СТЕША. Вот и я говорю, что уже большинство-то было. И разлюбезные большевички вот с такими же примкнувшими к ним такого натворили… До сих пор расхлебываем.
АЛИНА. Правильно. Нам коммунистов хватило, чтоб пожар в стране устроить и все перевернуть с ног на голову. К чему еще одна революция?
ДИНА. Да мы ее и не хотим.
СТЕША. Так никто и не хочет. Все эти революции до добра не доводят.
ДИНА. Мы хотим, чтобы в нашей стране жили счастливые люди.
СТАС. Размечталась она о счастье. Где оно? Как можно быть счастливыми, при таком неравноправии между людьми? Где только одни обещания. А на деле? Бесплатная медицина катится к чертям собачьим и образование тоже.
ДИНА. А этот ЕГЭ. Ну, чтоб с мозгами вообще все бесповоротно.
ИРИНА. Ребята, вы правы, конечно. Но разве, нынешнему обществу нужны люди малообразованные, нездоровые. Вот откуда агрессия и волнения в молодых мозгах. Я вас понимаю. (Глядя на Семеновну, Стешу )Но я полностью вас поддерживаю. Выходить на несанкционированные митинги – это противозаконно.

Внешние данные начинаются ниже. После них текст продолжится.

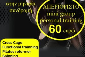 Μηνιαία συνδρομή ΜΟΝΟ με 60 ευρώ στο Athletico Fitness Club. Έχεις την δυνατότητα να κάνεις ΑΠΕΡΙΟΡΙΣΤΟ mini group training. FUNCTIONAL CROSS CAGE REFORMER...
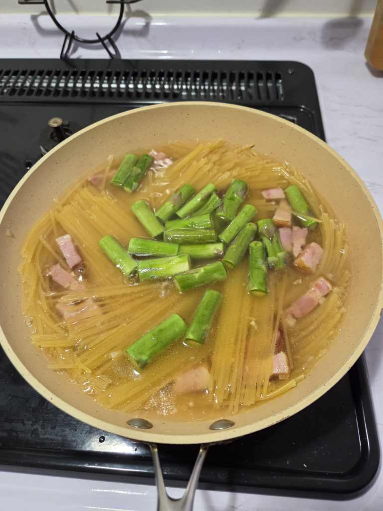水が沸騰したらパスタとアスパラの根元に近いほうを湯がいていきます。
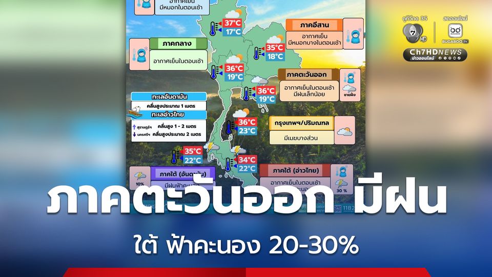 ทั่วไทยเริ่มมีอุณหภูมิสูงขึ้น อากาศเย็นในตอนเช้า ภาคตะวันออกมีฝนเล็กน้อย บางแห่งตามแนวชายฝั่ง กทม.ปริมณฑล เมฆบางส่วน ขณะที่ภาคใต้มีฝนฟ้าคะนอง 20-30% ของพื้นที่
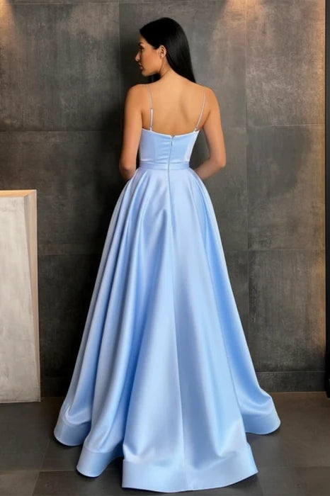 Glamorous A-Line Strapless Satin Royal Blue Floor-Length Prom Dress

СТАС. Хорошо, давайте по закону. Но чтоб он соблюдался всеми. Надо же что-то делать. С чего-то начинать.
ИРИНА. И ты туда же. Мне Деня только об этом и твердил, как заведенный: « Надо что-то делать». Я вот только понять не могу, чего вы добьетесь на своих митингах? Вас кто-то готов выслушать?

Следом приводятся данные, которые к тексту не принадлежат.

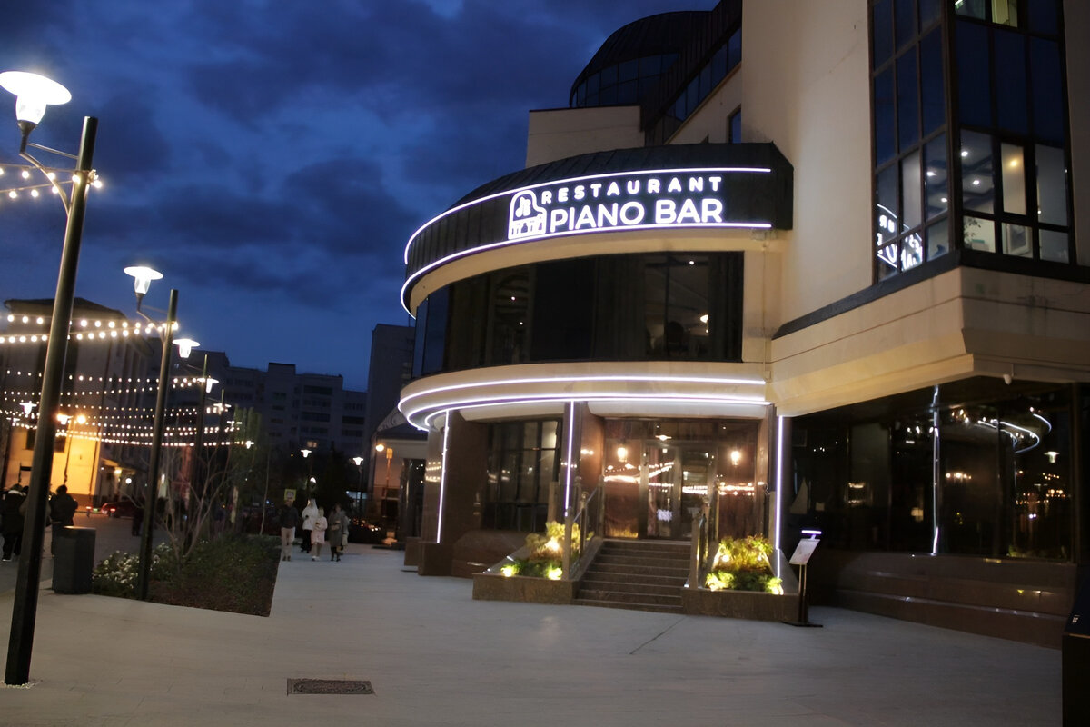 Одно из популярных мест отдыха горожан в Тюмени, где складывается особенная атмосфера и чувствуется «душа города» – пешеходная улица Дзержинского. Яркие гирлянды, палатки с кофе, сувенирами и вкусностями, а также выступления артистов и музыкантов задают тон неспешной прогулке. Но первое, что зацепило мой взор, когда я оказалась здесь, – ресторан PIANO BAR в самом начале улицы. Тем вечером в его панорамных окнах мерцал приглушенный свет, который казался таким тёплым и уютным. Уже тогда я решила, что непременно должна посетить это место. И вот я здесь! Я пришла сюда одна, без мужа и дочери, потому что маме тоже нужен отдых😊. Администратор ресторана любезно проводила меня на второй этаж к тем самым окнам, и я замерла в восхищении: вид был прекрасен! В зале стоял красивый чёрный рояль, на котором пианист в элегантном костюме играл знакомые мелодии. Это вообще придаёт заведению особенный шарм. Интерьер, детали декора, большая хрустальная люстра в фойе, лёгкая ненавязчивая музыка... Отовсю
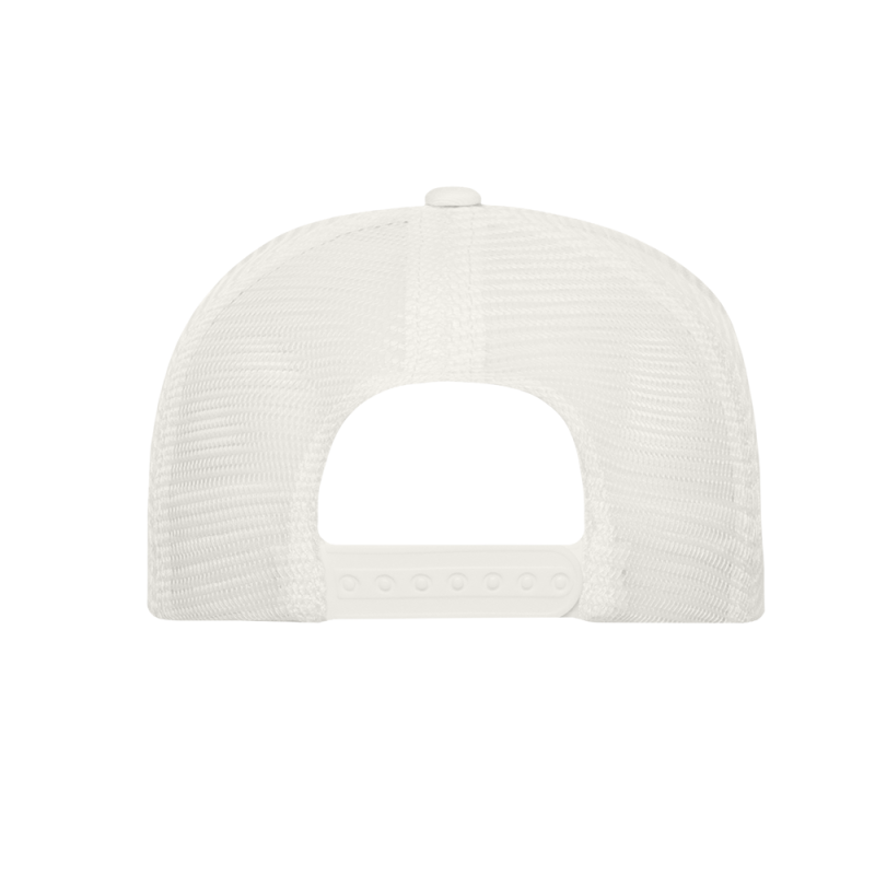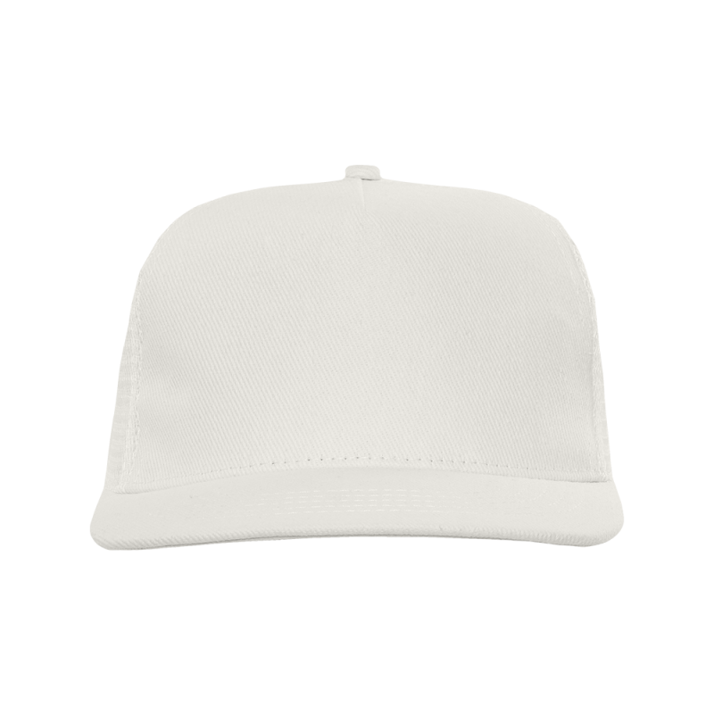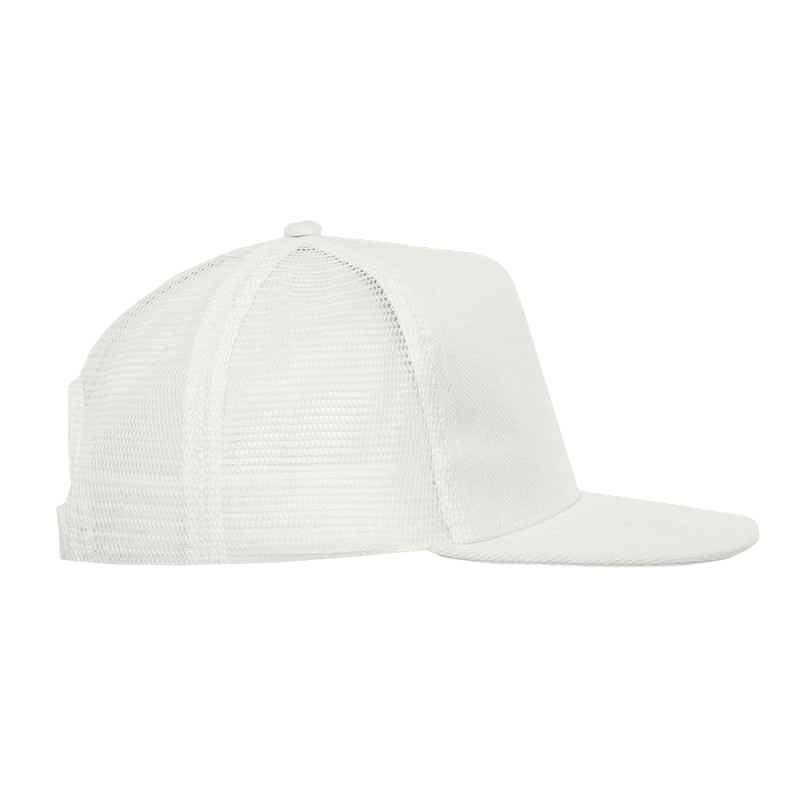 Бейсболка-пятиклинка с прямым жестким козырьком и пластиковой регулируемой застежкой, боковые клинья выполнены из жесткой сетки.

СЕМЕНОВНА. Вот и я говорю, моя позиция - это не дело людей друг против друга настраивать. Вы же не хотите новой революции? Это снова будут громить, убивать, добро отбирать. Не знаете, чем все это кончается? Смуту внесете.
СТЕША. Во, как коммунистка-то заговорила. Видать позиции со временем меняются.

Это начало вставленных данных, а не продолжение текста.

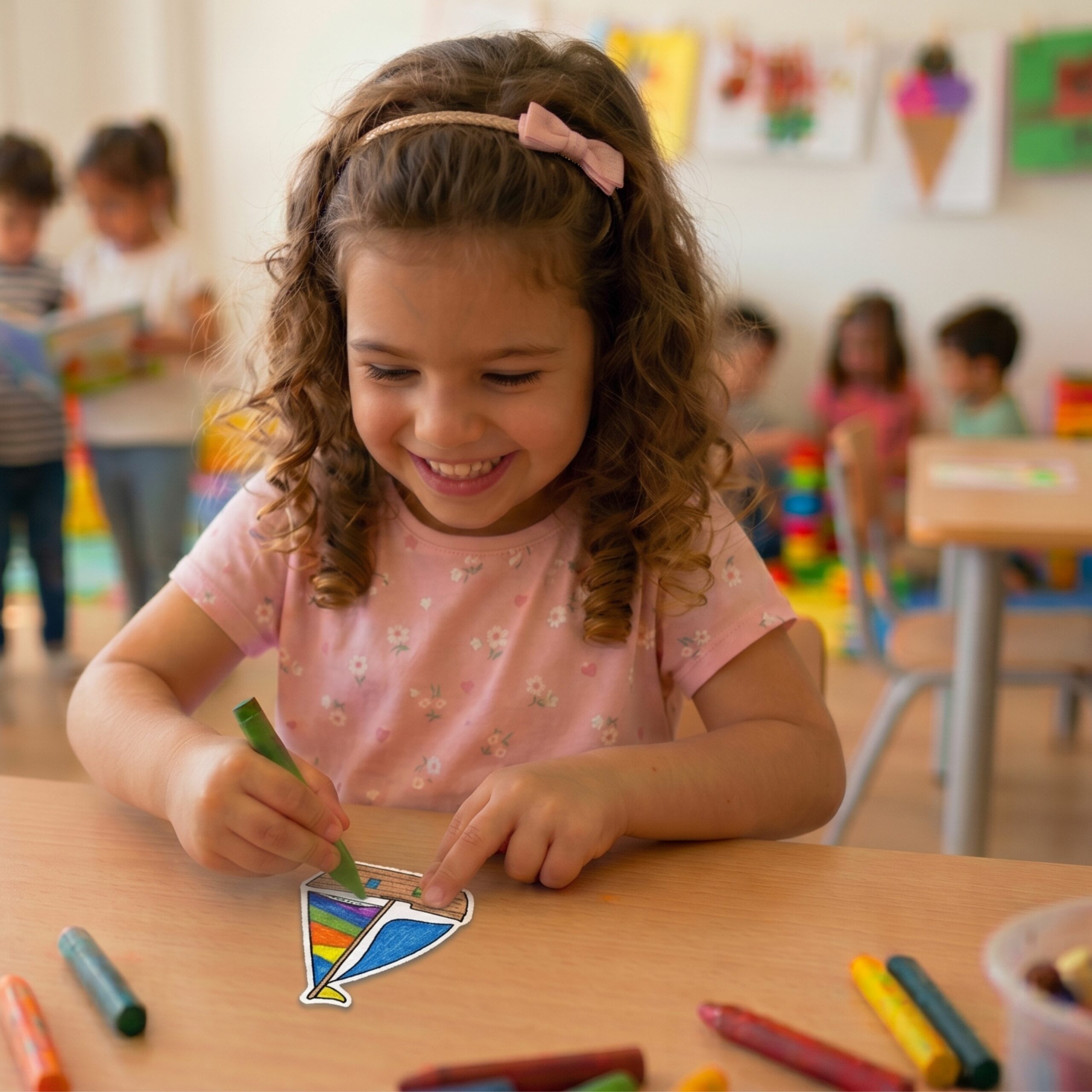 • Actividad Manual Incluida: Cada pack incluye dos ilustraciones en cartulina de alta calidad (un barquito velero y un cucurucho de helado). Los niños podrán dar rienda suelta a su imaginación pintándolas con ceras o rotuladores antes de lucirlas en su corona.

СЕМЕНОВНА. А ты и вашим, и нашим. Разве сама все это не пережила? ( к Стасу) Развалите государство. Одну страну мы уже потеряли. Хотите и эту пустить под откос? Так вот выбирай: Россию или революцию?
СТЕША. Ну ты, Сема замахнулась.
СТАС. Тут и выбирать нечего. Родину не выбирают. «Пусть кричат уродина, но она мне нравится». И я хочу, чтоб она была красавицей. Поняла? А за это надо бороться.
СЕМЕНОВНА. С кем? Ишь, возомнил себя борцом. Плетью обуха не перешибешь.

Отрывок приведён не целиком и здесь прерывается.